You wanted to ignore the feeling. Get it to disappear on its own. Survive the night, then never talk to him again. You were heartbroken, but it was better when you weren’t speaking to him. At least, that’s what you tell yourself.
“I’m sorry,” Aaron says softly. “Beth and I haven’t spoken since our last date a year ago. It was only three dates. We weren’t serious at all.” He pauses. “I have no idea why Derek said that. He doesn’t think before he speaks sometimes.”
You nod, not having it in you to laugh at Aaron’s small jab, even though he is entirely correct.
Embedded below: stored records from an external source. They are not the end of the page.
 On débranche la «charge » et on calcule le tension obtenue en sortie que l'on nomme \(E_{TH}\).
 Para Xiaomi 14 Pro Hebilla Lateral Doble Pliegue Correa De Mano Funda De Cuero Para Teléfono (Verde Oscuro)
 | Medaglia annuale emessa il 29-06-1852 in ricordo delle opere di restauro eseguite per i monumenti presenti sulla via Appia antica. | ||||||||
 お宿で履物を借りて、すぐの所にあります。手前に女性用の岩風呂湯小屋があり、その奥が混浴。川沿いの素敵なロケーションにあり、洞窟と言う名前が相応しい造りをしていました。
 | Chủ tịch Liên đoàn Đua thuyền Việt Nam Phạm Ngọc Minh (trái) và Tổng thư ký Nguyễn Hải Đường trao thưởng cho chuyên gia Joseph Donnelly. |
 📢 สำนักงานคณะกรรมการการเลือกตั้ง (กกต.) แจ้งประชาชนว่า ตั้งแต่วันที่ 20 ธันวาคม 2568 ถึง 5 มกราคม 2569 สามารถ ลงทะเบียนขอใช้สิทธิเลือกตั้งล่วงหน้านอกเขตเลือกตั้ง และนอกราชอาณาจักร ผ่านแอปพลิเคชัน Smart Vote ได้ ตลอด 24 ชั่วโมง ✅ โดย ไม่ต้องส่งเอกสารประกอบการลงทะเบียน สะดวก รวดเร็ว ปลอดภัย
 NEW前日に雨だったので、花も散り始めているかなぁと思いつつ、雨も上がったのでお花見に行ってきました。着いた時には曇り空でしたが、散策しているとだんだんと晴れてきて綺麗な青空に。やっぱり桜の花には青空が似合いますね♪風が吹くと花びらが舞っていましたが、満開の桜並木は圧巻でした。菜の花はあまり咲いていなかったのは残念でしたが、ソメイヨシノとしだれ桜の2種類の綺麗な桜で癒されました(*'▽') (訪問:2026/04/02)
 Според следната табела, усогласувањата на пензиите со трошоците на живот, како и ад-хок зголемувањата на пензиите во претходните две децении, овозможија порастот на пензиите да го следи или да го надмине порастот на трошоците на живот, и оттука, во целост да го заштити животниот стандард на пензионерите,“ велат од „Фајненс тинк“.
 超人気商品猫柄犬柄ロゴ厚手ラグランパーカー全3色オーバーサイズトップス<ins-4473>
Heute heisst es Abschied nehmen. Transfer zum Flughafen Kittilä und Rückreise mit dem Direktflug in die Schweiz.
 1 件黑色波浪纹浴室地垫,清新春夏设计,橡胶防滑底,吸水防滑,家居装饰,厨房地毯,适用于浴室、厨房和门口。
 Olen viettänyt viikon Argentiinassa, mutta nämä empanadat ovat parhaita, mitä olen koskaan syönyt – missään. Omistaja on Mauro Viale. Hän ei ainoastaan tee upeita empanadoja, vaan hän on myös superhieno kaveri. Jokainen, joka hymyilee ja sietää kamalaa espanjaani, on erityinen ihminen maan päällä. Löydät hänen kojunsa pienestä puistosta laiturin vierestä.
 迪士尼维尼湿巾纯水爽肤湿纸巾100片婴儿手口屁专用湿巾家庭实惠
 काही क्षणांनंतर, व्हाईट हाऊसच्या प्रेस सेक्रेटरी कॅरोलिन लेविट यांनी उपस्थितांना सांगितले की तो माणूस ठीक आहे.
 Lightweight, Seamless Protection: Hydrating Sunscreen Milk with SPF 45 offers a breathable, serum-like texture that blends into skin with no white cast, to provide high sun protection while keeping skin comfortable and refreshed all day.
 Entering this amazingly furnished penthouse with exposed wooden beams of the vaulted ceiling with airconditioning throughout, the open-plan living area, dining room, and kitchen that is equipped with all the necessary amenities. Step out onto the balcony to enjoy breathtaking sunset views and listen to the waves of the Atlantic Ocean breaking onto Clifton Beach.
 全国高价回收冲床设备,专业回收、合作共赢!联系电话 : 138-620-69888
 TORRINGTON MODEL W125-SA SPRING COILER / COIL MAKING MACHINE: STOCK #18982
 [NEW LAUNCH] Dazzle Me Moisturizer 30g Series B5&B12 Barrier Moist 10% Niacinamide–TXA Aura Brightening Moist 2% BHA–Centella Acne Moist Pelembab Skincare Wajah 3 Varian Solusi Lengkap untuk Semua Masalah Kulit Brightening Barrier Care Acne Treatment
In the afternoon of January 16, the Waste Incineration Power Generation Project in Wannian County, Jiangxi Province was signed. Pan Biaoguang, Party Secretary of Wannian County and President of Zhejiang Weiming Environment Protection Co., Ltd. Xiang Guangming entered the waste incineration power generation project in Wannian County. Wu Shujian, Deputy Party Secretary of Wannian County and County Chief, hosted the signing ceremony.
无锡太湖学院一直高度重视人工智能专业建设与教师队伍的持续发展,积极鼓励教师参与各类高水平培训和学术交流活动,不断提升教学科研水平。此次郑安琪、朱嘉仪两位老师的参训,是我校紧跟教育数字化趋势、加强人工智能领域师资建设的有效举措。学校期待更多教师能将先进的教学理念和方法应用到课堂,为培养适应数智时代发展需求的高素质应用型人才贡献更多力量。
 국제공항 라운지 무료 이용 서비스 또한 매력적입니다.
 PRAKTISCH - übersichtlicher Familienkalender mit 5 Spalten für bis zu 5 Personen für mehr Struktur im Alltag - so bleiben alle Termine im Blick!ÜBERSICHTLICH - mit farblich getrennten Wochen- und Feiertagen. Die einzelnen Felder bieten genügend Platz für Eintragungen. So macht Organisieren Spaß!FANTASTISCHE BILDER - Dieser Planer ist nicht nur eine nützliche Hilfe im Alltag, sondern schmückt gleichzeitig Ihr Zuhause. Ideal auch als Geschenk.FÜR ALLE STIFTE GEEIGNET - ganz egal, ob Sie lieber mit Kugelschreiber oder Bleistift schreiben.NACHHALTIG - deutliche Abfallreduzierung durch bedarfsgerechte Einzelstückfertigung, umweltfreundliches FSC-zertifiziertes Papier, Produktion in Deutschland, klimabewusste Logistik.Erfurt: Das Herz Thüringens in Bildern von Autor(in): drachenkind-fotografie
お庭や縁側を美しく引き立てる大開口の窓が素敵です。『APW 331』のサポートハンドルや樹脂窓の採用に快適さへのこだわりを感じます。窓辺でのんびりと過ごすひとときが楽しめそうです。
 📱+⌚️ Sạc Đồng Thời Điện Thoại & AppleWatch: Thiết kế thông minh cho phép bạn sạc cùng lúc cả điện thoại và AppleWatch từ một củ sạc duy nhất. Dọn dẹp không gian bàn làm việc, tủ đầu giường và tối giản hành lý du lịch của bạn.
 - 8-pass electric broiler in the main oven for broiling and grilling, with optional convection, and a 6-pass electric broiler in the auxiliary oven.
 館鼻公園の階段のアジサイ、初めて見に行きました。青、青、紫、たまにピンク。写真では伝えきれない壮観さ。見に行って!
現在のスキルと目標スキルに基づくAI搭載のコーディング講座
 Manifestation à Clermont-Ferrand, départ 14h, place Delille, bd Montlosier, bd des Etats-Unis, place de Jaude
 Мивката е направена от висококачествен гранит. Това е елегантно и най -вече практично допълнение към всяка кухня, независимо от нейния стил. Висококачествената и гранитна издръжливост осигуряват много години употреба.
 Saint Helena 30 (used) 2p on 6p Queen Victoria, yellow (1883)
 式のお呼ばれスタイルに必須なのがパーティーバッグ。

Derek is a quick thinker with a sharp wit, but you can see how it might backfire sometimes. Like tonight.
You believe Aaron, you really do. But it’s so hard. “Did you love her?”
Aaron is stunned for a moment, but says, “No. I don’t think I did.”
“Okay.” You shake your head, looking down at the grass. “I’m just trying to figure out why Derek would’ve brought her up if...if you guys dated so briefly.”
Aaron sighs. “I don’t know.”
“And is this a date?” You blurt, finally finding the courage to get that one out. “Because if it is, I…I don’t know.”
“Don’t know what?”
You shake your head again, trying to find the right words, but they always seem out of reach. “Just...tell me this won’t be like high school.”
This time Aaron is too stunned to form a real answer. “What?”
“Please,” you sound like you’re about to cry and you feel so pathetic that you wish you had never agreed to come tonight. But you’re here anyway. “I was in love with you then, and I’m still in love with you now, but I can’t do that again. So if this is a just friends thing and always will be, I need you to tell me before I hurt myself all over again.”
Aaron can’t believe his ears. He swears he heard you wrong. He must have. “You were in love with me in high school, too?”
“Yes-- Wait, too? What do you mean too?” Now you’re looking at him, eyes wide in confusion, shock, every emotion possible. “Too?”
“I was in love with you, Y/N,” he chuckles, reaching for your hands. “I thought you just saw me as an older brother. That’s why I never...said anything.”
“What?” You breathe, letting him thread his fingers through yours. “Are you serious? You better not be pulling my leg, Hotchner. Don’t do that to me.” You tug on his hands for emphasis, giving him a stern look.
“I’m not joking,” he says, taking a step closer. “I wouldn’t joke about this.”
“Oh my god,” you say, disbelief a powerful thief of words. “I can’t believe… So you went after Haley because…”
“Because I heard from one of her friends that she had a crush on me,” he admits. “I did love her, but not as much as I loved you. Never as much as I loved you.”
You don’t know what else to do or say. He looks so beautiful in this light that it hurts, and now he’s saying words you never thought you’d ever hear.
“Do you forgive me?” He asks. “For breaking your heart?”
“Only if you forgive me for breaking yours,” you whisper.
He shakes his head. “I broke my own. I should’ve told you how I felt.” He pauses. “I even talked to you about Haley all the time. Is that why you didn’t say goodbye to me?”
You nod. “It sounds so stupid now, but I was so hurt.”
“I’m an idiot,” he laughs. “I’m the dumbest fool to ever walk the Earth.”
“We both are,” you correct him, taking a step closer. It’s cold out here, but he’s warm. He’s always been so warm. Like home.
And you-- you’ve always been who Aaron thinks of when he thinks about being happy. It’s always been you. A moment like this, and a thousand others. He wants them all. And to think, you do too.
His lips meet yours in a long-awaited kiss, cold noses bumping against one another, his warm hands holding your face, your chilled fingers finding their home on his neck, stealing his warmth.
From the window, the team watches, and Emily exchanges money with Derek.